Insiders countered that Emanuel and Whitesell were entitled to exercise that option because they had long taken discounted salaries while turning the agency into a juggernaut. The now-postponed equity buyback program wasn’t the first time partners were invited to cash out shares. This was the second offering, reflecting a lot more equity that was given to rising stars. Also, the other consideration here is that had Endeavor gone through with the IPO, the stock value would have gone through the floor anyway right now — before those agents would have been able to cash out their stock — said an insider sympathetic to the agency’s dilemma.
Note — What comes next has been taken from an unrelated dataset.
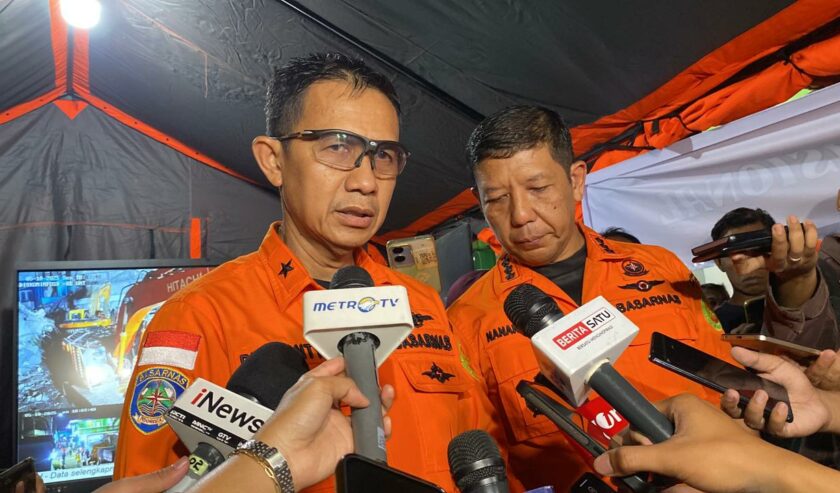 Laksamana Pertama TNI Yudhi Bramantyo Direktur Operasi pencarian dan Pertolongan Basarnas saat konferensi pers di Posko Gabungan, Minggu (5/10/2025). Foto: Wildan suarasurabaya.net

The agency is trying its best to keep the company afloat, and it might have been egregious from a survival standpoint to cash out partners in this current emergency. An insider sympathetic to the dilemma faced by Endeavor and WME leadership said the priority is to not engage in mass layoffs, which might be unavoidable if the drought lasts months. So it was inevitable that hard choices are going to be made.

Agency leadership will have to bet that things will get better down the line when the coronavirus curve flattens, and those partners will be made whole eventually. But right now, that seems a long way off, and this will be a test of loyalty for an agency whose parent company has been on a tear with high-priced transactions with this crisis occurring at the most inopportune time.